──────── Data excerpts

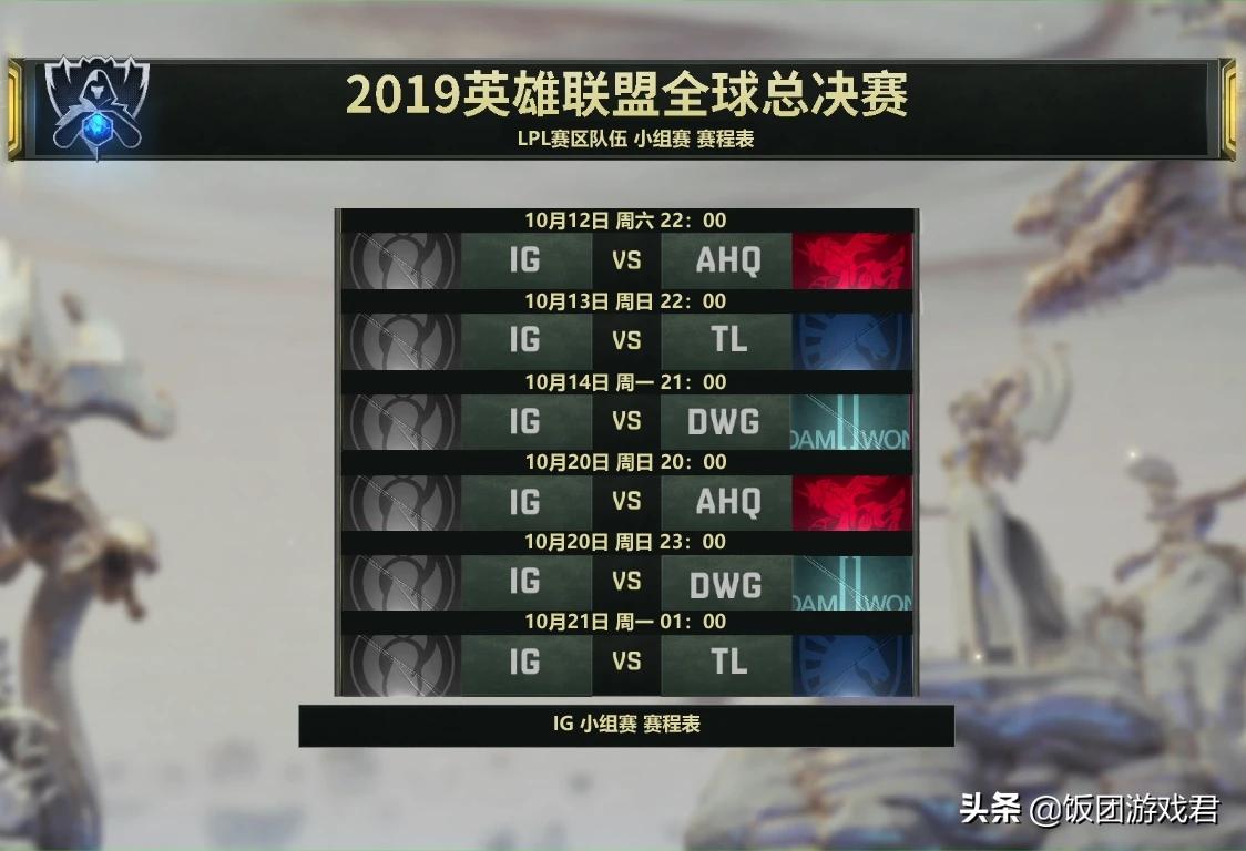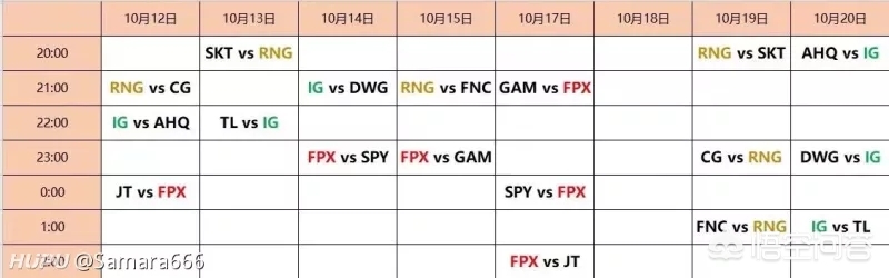 最后是三号种子IG战队,IG比赛赛程时间比较散乱,有20:00,有21:00,也有22:00,23:00甚至还有01:00,IG粉丝需要把握好时间看比赛。与RNG类似的是,IG小组赛会有一个几天空档期,从14日到20日之间一共四天没有比赛,这中间可以做出不少调整。
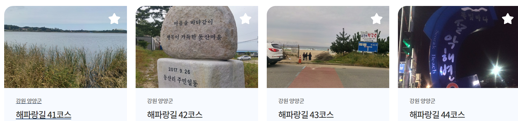 해파랑길 양양 속초는 다양한 볼거리와 먹을거리, 손꼽히게 아름다운 조망이라는 주제로 조성되었으며 41코스부터 45코스까지 이어지는 곳입니다.
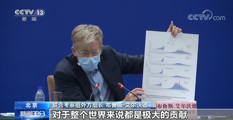 联合考察组外方组长 布鲁斯·艾尔沃德:一般的数据模型和一般的情况往往是它会继续急剧攀升之后,走上一个缓慢下降的道路,直到无易感人群传播停止为止。而在这里,在中国我们看到的情况是,它出现了一个高峰和平台期的状态之后就出现了下降。我们知道在流行病学方面,如果出现了这样的曲线,必然是由于干预措施,流行病学曲线可能的样子和这个流行病学曲线实际的样子,中间的差距就展示了由于中国采取了有力措施,是如何避免了数十万人的感染。而这样的成绩是来之不易的,因为对应的这些流行病学的曲线,其背后在每一条线上都是一个了不起的政策决定,都是中国的领导人了不起的决定,做决策很难,公众能够去按照这样的决策去操作也是不易的,正是这些才带来了这样的曲线(变化)。
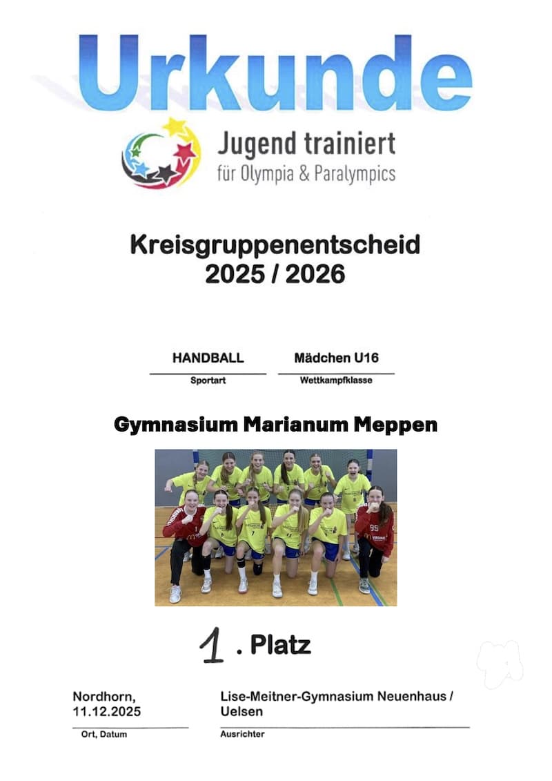 Am 11.12.25 trafen sich in Neuenhaus die Mädchenteams des Burggymnasiums Bentheim, des Evangelischen sowie des Staatlichen Gymnasiums aus Nordhorn, der Oberschule Schüttorf, des Lise-Meitner-Gymnasiums aus Neuenhaus und des Marianums aus Meppen zum Kreisgruppenentscheid im Wettbewerb Jugend trainiert für Olympia WK III.
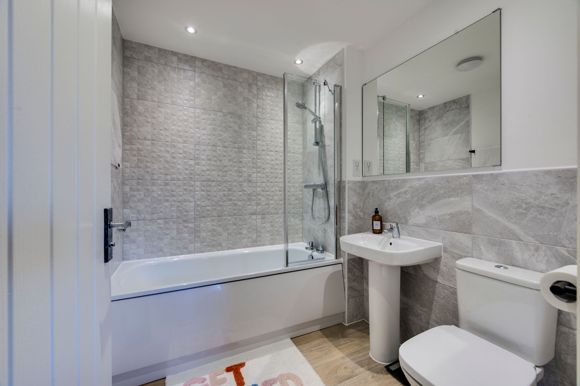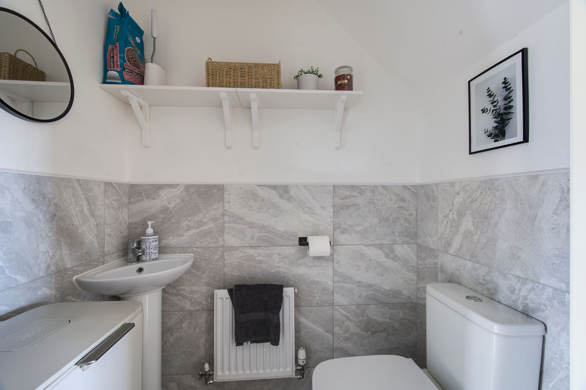To the first floor, there are two generous double bedrooms with bedroom two having useful store plus a range of built-in wardrobes! The family bathroom can be found on this floor with beautiful upgraded tiling, inset spotlights and branded ‘Roca’ sanitary ware.
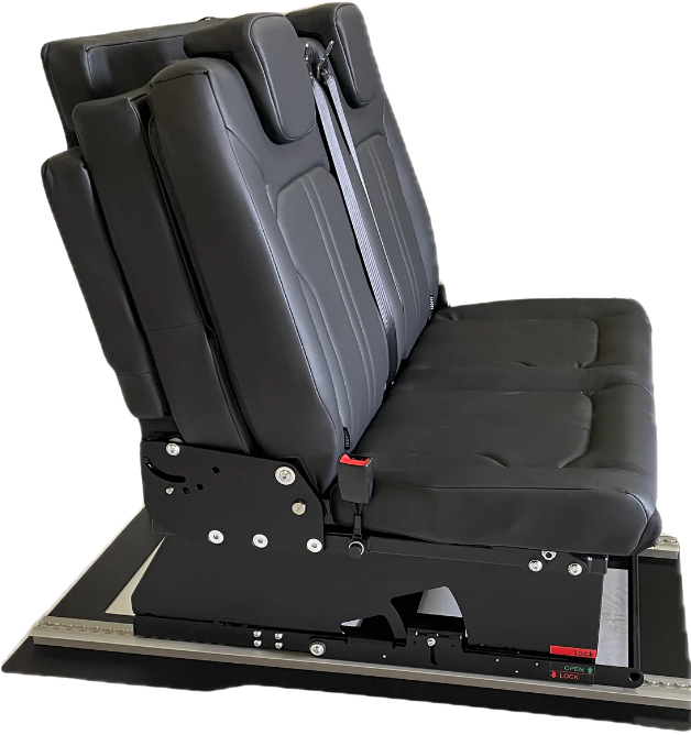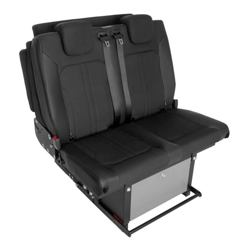 The double-seater Seatbed is perfect for those prioritizing space efficiency without sacrificing functionality. While slightly more compact than the 3-seater version, it still comfortably sleeps two adults. This 2-seat configuration easily transforms from a secure travel seat into a 74" bed with multiple reclining positions, delivering both comfort and versatility.
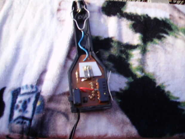 En su interior, podemos ver que no hay mucho demasiado de ellos. Todo lo que necesitamos aquí, sin embargo, son los terminales positivo y negativo. Son muy fáciles de encontrar. Sólo tienes que seguir los dos cables procedentes del eje a la pcb. En este caso, es el cable azul (positivo) y el negro uno (negativo). Negro casi siempre es negativo, pero si no estás seguro, basta con mirar a donde llevan los cables a. La negativa uno será siempre unir a lo pin elástico en la parte superior mientras que los aspectos positivos se van a los lados.
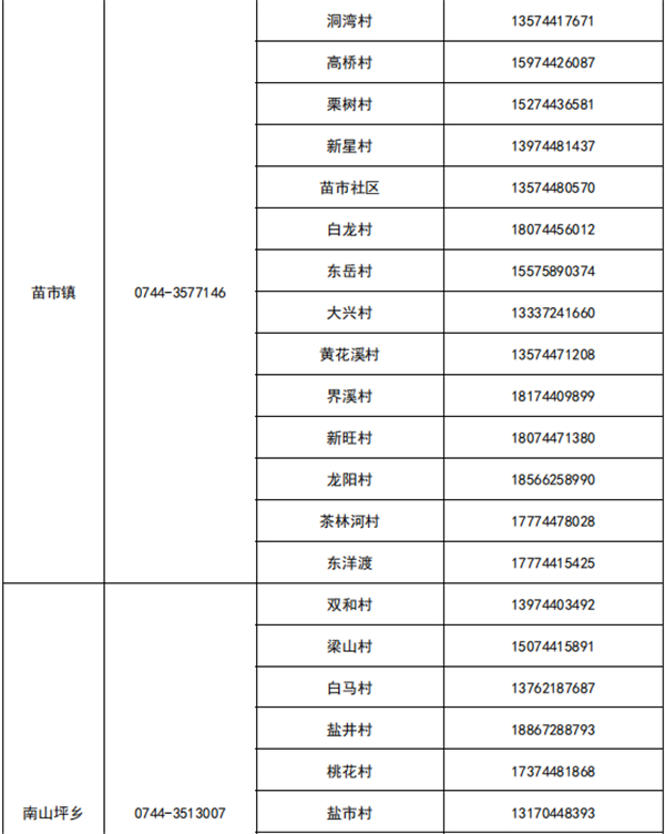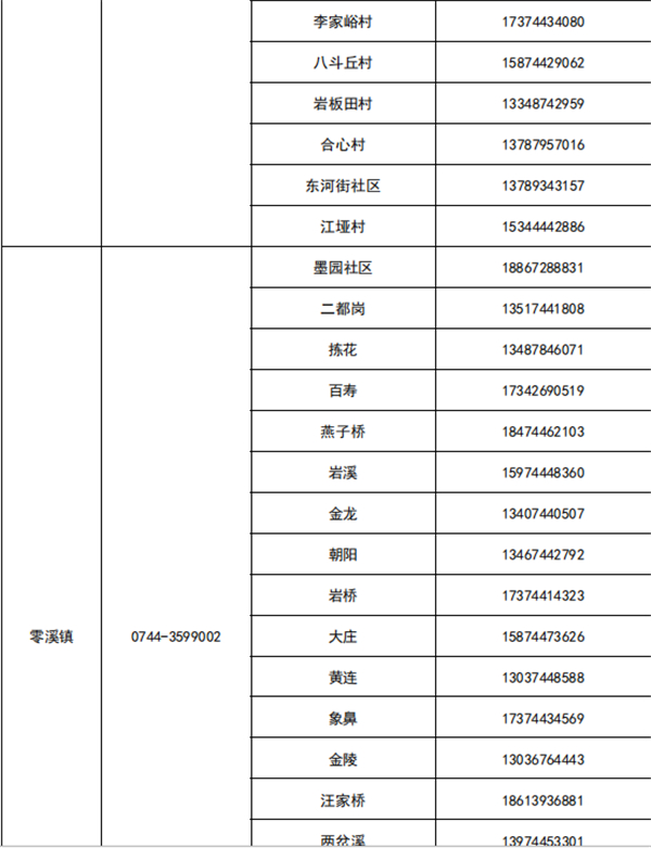 慈利县各乡镇街道、社区(村)自主报备和健康码资讯服务电话公示表.xlsx
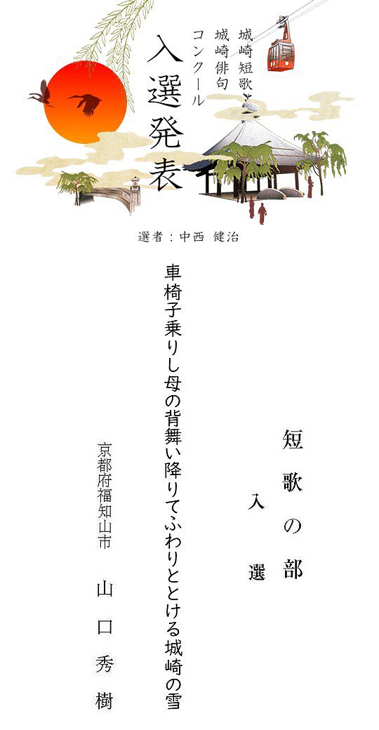「城崎短歌コンクール」5年連続入賞しました。山口秀樹
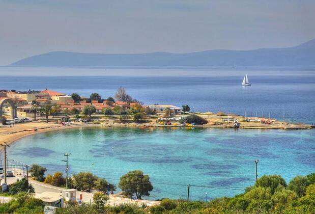 Orion Konukevi, beyaz boyalı evleri, çiçekli avluları ve tarihi dokunun yoğun olarak hissedildiği Sığacık.
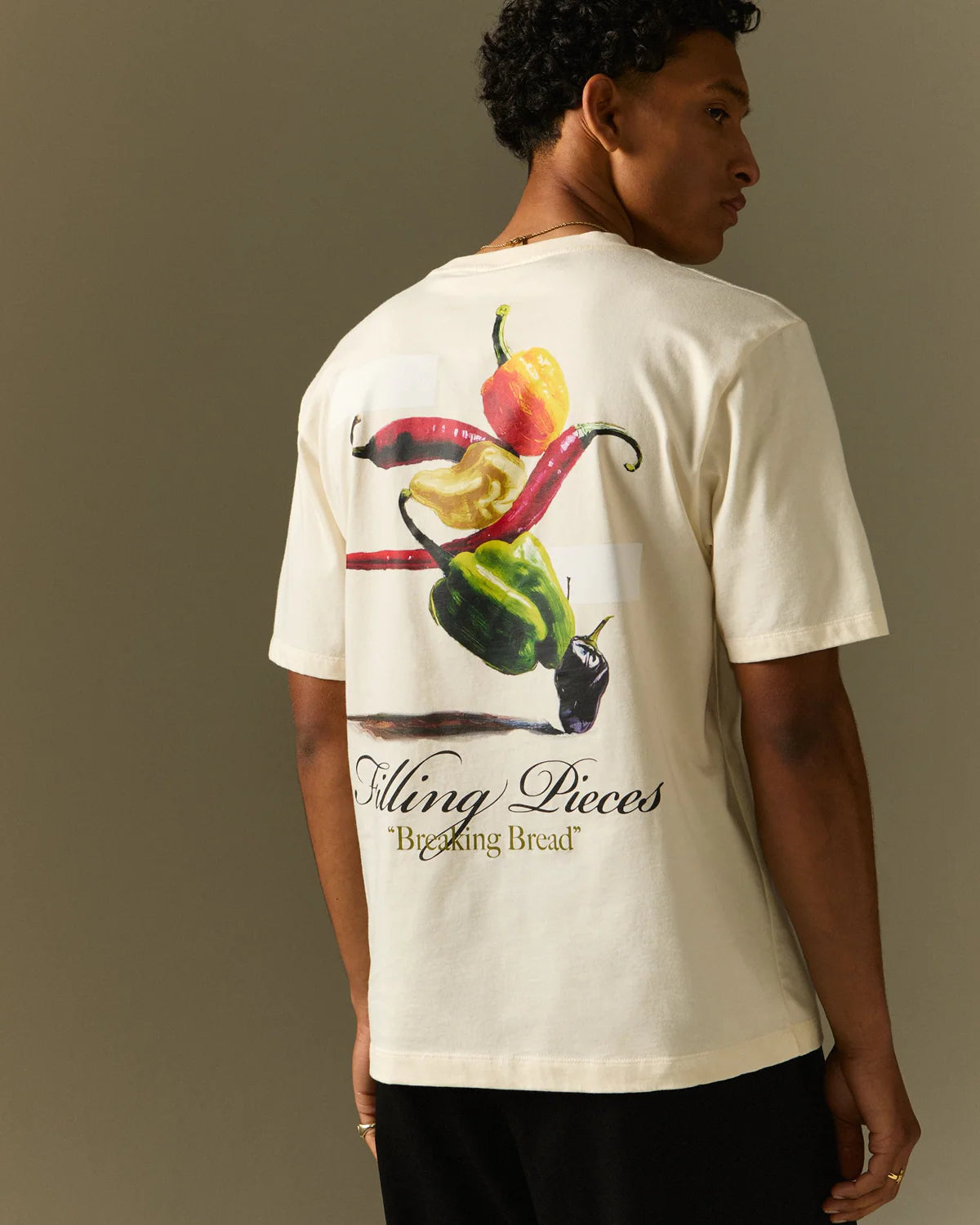 Serving as a wearable canvas, the T-shirt Pepper is a celebration of global cuisines. The clean Antique White base is the perfect canvas for its exclusive, hand-painted artwork. The graphic is a "balancing act of the peppers of the world," showcasing a composition of different peppers that stem from diverse cuisines and cultures. Cut for a clean, regular fit, this tee is a true statement of cultural appreciation and artistry.

────────────────

■ **Problem to solve**: Except for the pictures, return every line of the material exactly.

■ **Output of the task**:
 最后是三号种子IG战队,IG比赛赛程时间比较散乱,有20:00,有21:00,也有22:00,23:00甚至还有01:00,IG粉丝需要把握好时间看比赛。与RNG类似的是,IG小组赛会有一个几天空档期,从14日到20日之间一共四天没有比赛,这中间可以做出不少调整。
 해파랑길 양양 속초는 다양한 볼거리와 먹을거리, 손꼽히게 아름다운 조망이라는 주제로 조성되었으며 41코스부터 45코스까지 이어지는 곳입니다.
 联合考察组外方组长 布鲁斯·艾尔沃德:一般的数据模型和一般的情况往往是它会继续急剧攀升之后,走上一个缓慢下降的道路,直到无易感人群传播停止为止。而在这里,在中国我们看到的情况是,它出现了一个高峰和平台期的状态之后就出现了下降。我们知道在流行病学方面,如果出现了这样的曲线,必然是由于干预措施,流行病学曲线可能的样子和这个流行病学曲线实际的样子,中间的差距就展示了由于中国采取了有力措施,是如何避免了数十万人的感染。而这样的成绩是来之不易的,因为对应的这些流行病学的曲线,其背后在每一条线上都是一个了不起的政策决定,都是中国的领导人了不起的决定,做决策很难,公众能够去按照这样的决策去操作也是不易的,正是这些才带来了这样的曲线(变化)。
 Am 11.12.25 trafen sich in Neuenhaus die Mädchenteams des Burggymnasiums Bentheim, des Evangelischen sowie des Staatlichen Gymnasiums aus Nordhorn, der Oberschule Schüttorf, des Lise-Meitner-Gymnasiums aus Neuenhaus und des Marianums aus Meppen zum Kreisgruppenentscheid im Wettbewerb Jugend trainiert für Olympia WK III.
To the first floor, there are two generous double bedrooms with bedroom two having useful store plus a range of built-in wardrobes! The family bathroom can be found on this floor with beautiful upgraded tiling, inset spotlights and branded ‘Roca’ sanitary ware.
 The double-seater Seatbed is perfect for those prioritizing space efficiency without sacrificing functionality. While slightly more compact than the 3-seater version, it still comfortably sleeps two adults. This 2-seat configuration easily transforms from a secure travel seat into a 74" bed with multiple reclining positions, delivering both comfort and versatility.
 En su interior, podemos ver que no hay mucho demasiado de ellos. Todo lo que necesitamos aquí, sin embargo, son los terminales positivo y negativo. Son muy fáciles de encontrar. Sólo tienes que seguir los dos cables procedentes del eje a la pcb. En este caso, es el cable azul (positivo) y el negro uno (negativo). Negro casi siempre es negativo, pero si no estás seguro, basta con mirar a donde llevan los cables a. La negativa uno será siempre unir a lo pin elástico en la parte superior mientras que los aspectos positivos se van a los lados.
 慈利县各乡镇街道、社区(村)自主报备和健康码资讯服务电话公示表.xlsx
「城崎短歌コンクール」5年連続入賞しました。山口秀樹
 Orion Konukevi, beyaz boyalı evleri, çiçekli avluları ve tarihi dokunun yoğun olarak hissedildiği Sığacık.
 Serving as a wearable canvas, the T-shirt Pepper is a celebration of global cuisines. The clean Antique White base is the perfect canvas for its exclusive, hand-painted artwork. The graphic is a "balancing act of the peppers of the world," showcasing a composition of different peppers that stem from diverse cuisines and cultures. Cut for a clean, regular fit, this tee is a true statement of cultural appreciation and artistry.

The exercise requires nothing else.